Let’s break down Table 1:

  • State-of-the-Art for Open Source: CHIQ-Fusion (and often CHIQ-AD alone) significantly outperforms previous methods that fine-tune small models (like T5QR or ConvGQR).
  • Beating Closed Source: On TopiOCQA, CHIQ-Fusion (MRR 47.2) outperforms LLM-Aided (MRR 43.9), which uses ChatGPT-3.5. This is a major win, showing that a 7B model with better data prep can beat a 175B+ model.
  • The Power of Fusion: You can see that CHIQ-Fusion consistently yields the highest scores (indicated by the Bold numbers). This confirms that the Ad-hoc LLM reasoning and the Fine-tuned T5 pattern matching find different relevant documents.

Case Studies: Why Does It Work?

To understand why CHIQ performs so well, we need to look at specific examples where standard rewriting fails but CHIQ succeeds.
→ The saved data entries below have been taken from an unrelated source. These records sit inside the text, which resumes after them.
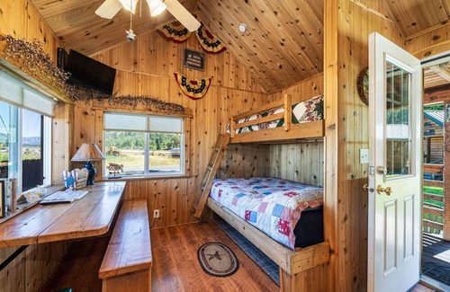 Grandma Jo's cabin features 2 bunk sleeping arrangements with a double-bed below and a twin above. There is a small loft with two single futon cushions as well. Bathroom has a shower and toilet. All basic cookware and utensils are provided along with a coffee maker *Note: we don't provide the coffee. Locally roasted coffee available at Tony's market and Morning Bear Coffee. This little cabin packs a lot of value in for travelers who primarily just want the basics. Clean and cozy, ready for your visit!
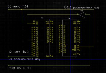 Понял, буду делать схему. У меня на схеме есть дешифратор для переключения микросхем ПЗУ(U21) , можно ли его как-то задействовать? Там как раз и используются сигналы CE, MREQ, RD, A13, а то она в данный момент не задействована у меня, с завода не использовался, хотя и был впаян.
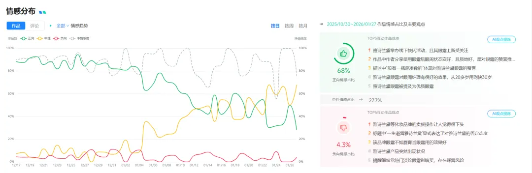 此外,它还能分析抖音内容的互动情况,梳理用户情感走势,帮助品牌清晰掌握抖音场景下的用户需求与口碑变化,为内容优化、活动调整提供精准依据。
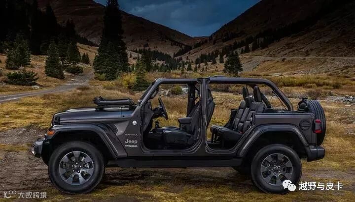 JL的车门仍然可以拆卸,并且使用了铝合金材质让重量更轻,重新设计的把手也让车门让拆卸变得更加简单,同时还有半门跟管式车门可供选择。
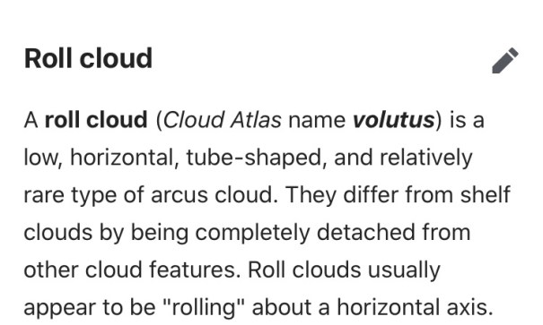 Late yesterday an unusual cloud rolled across the sky, bringing thunder and light rain.
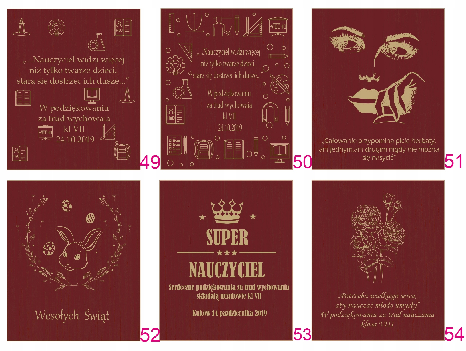 Текст вигравірувано на зовнішній стороні коробки. Клієнт може вибрати малюнок гравіювання (один з наступних) та персоналізований вміст імен, дат, написів тощо (відповідно до шаблону), який необхідно надіслати в повідомленні продавцю.
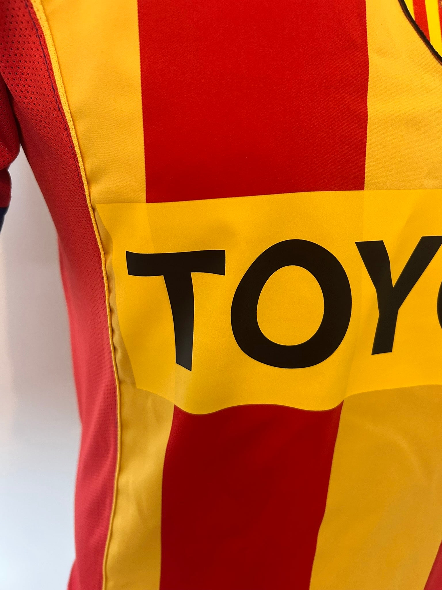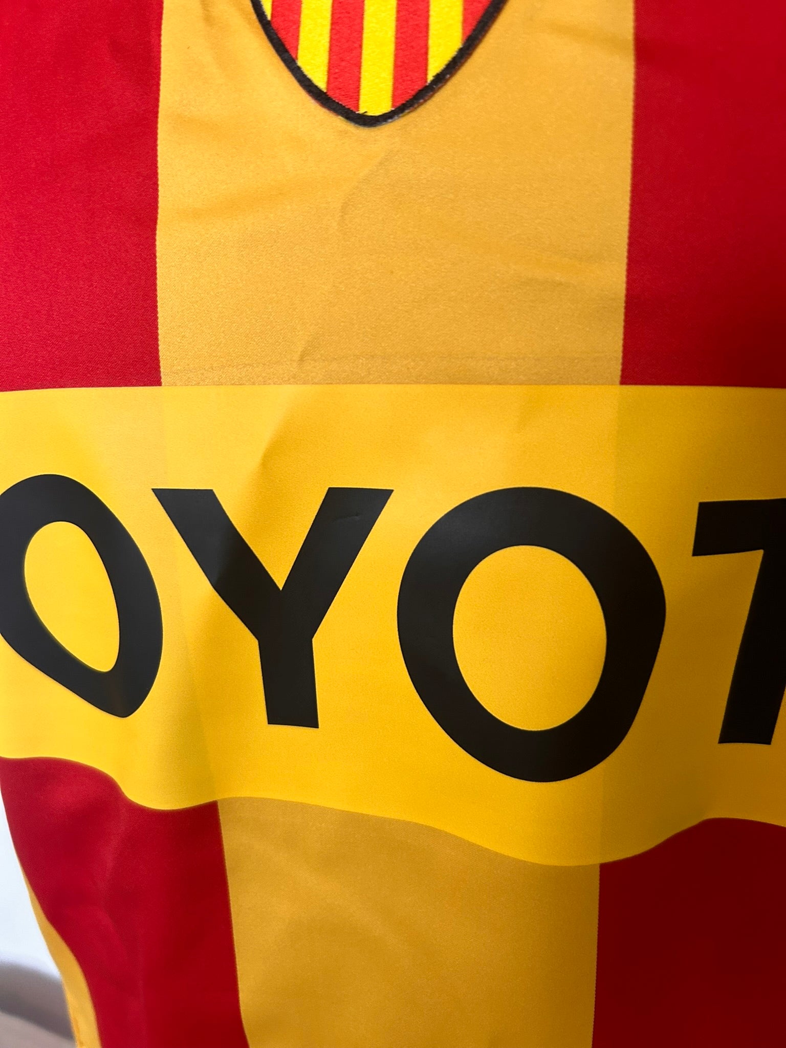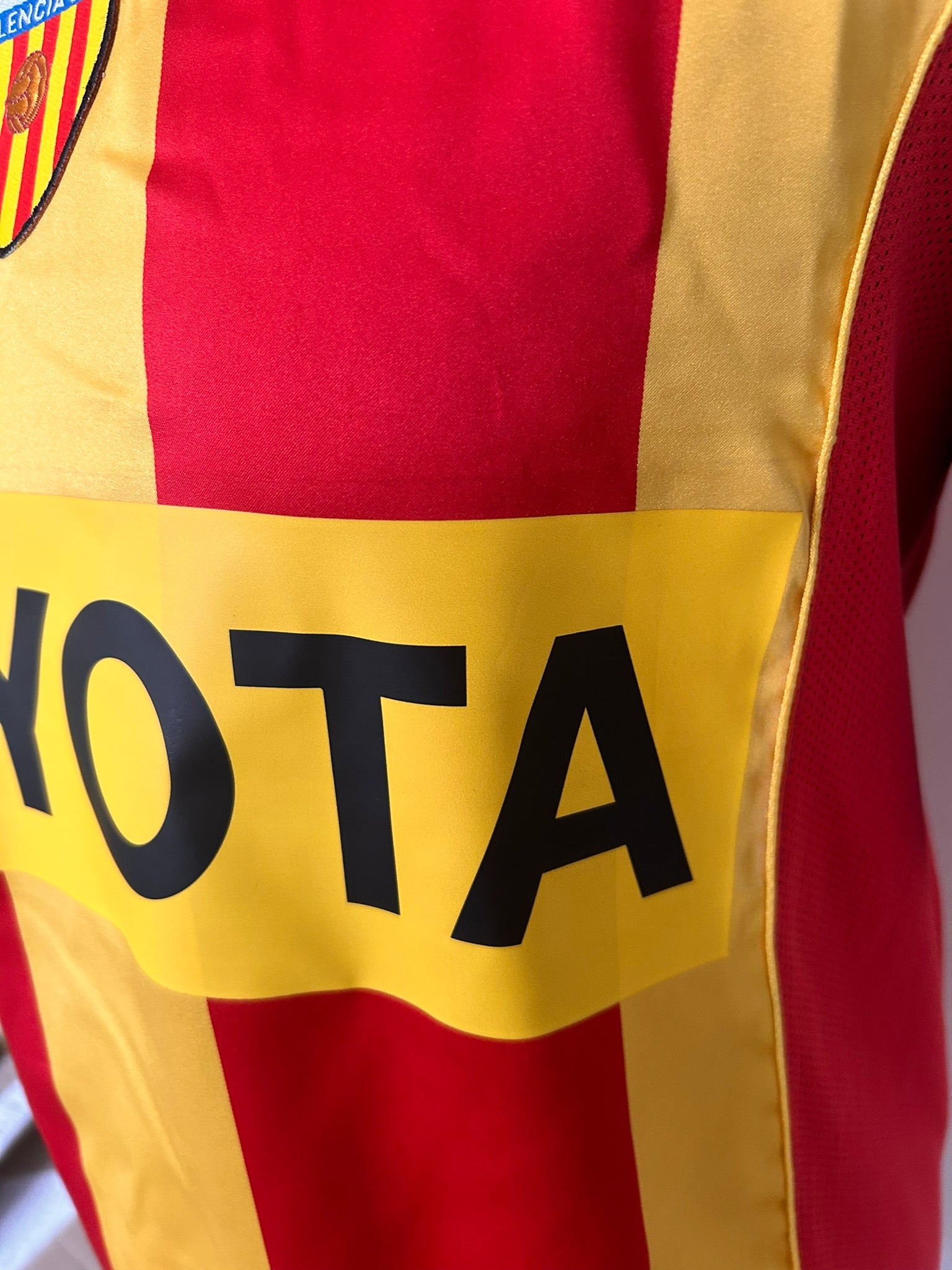 This vibrant yellow and red striped football shirt with bold blue sleeves stands out as a unique design in Los Che’s history. Featuring the Valencia CF crest, Nike logo, and Toyota sponsor detail, it combines striking colours with lightweight, breathable fabric for comfort and performance. A perfect addition for collectors of classic football shirts and vintage football shirts, it reflects the club’s flair and individuality in the mid-2000s. Ideal for display or casual wear, this Small jersey is an authentic and eye-catching piece of Mestalla memorabilia for dedicated Valencia supporters.

Case Study 1: The Biology Query

In this example (Table 9), the user asks a complex chain of questions about human metabolism.

Table 9 showing a biology query example where CHIQ resolves ambiguity.

  • The Problem: The user asks, “What is the emotional response due to the third one?”
  • Standard Rewrite (LLM-QR): “What is the emotional response associated with the third hormone?”
  • Result: Rank 41. The search engine doesn’t know which hormone is “the third one” because the list was in the previous turn.
  • CHIQ Enhancement:
  • HS (History Summary): Explicitly lists “Cortisol, glucagon, adrenaline…”
  • CHIQ-FT Query: “How does adrenaline impact mood?”
  • Result: Rank 3. By resolving “the third one” to “adrenaline” before rewriting, the system found the right document.

Case Study 2: The Jazz Musician

In Table 10, the user asks about albums by Cal Tjader.

Table 10 showing a music query example handling topic consistency.

  • The Problem: The conversation is long and mentions various collaborators.
  • Standard Rewrite: “Which album did Cal Tjader record with Jack Weeks…?” (Rank 16).
  • CHIQ Enhancement: The Pseudo Response (PR) module hallucinates/predicts relevant titles like “Inauguration of the Pleasure Dome.” Even if the prediction is slightly off, it primes the context with album-related vocabulary.
  • CHIQ-Fusion Result: Rank 5.

Implications and Future Outlook

The CHIQ paper is a significant step forward for democratizing conversational search. Here are the key takeaways:

  1. Data Quality > Model Size: You don’t always need a larger model. Sometimes, you just need to feed your smaller model better inputs. By enhancing the history, LLaMA-2-7B punched way above its weight class.
  2. Modularity Matters: Breaking the complex task of “rewriting” into smaller sub-tasks (disambiguation, expansion, summarization) makes it easier for open-source models to reason correctly.
  3. Efficiency: The CHIQ-FT method shows that we can use powerful LLMs to train efficient, smaller models that can be deployed in production environments with lower latency.

CHIQ demonstrates that the gap between open-source and closed-source LLMs in complex tasks can be bridged not just by training bigger models, but by designing smarter pipelines. For students and researchers, this opens up exciting avenues to build powerful search assistants without relying on costly proprietary APIs.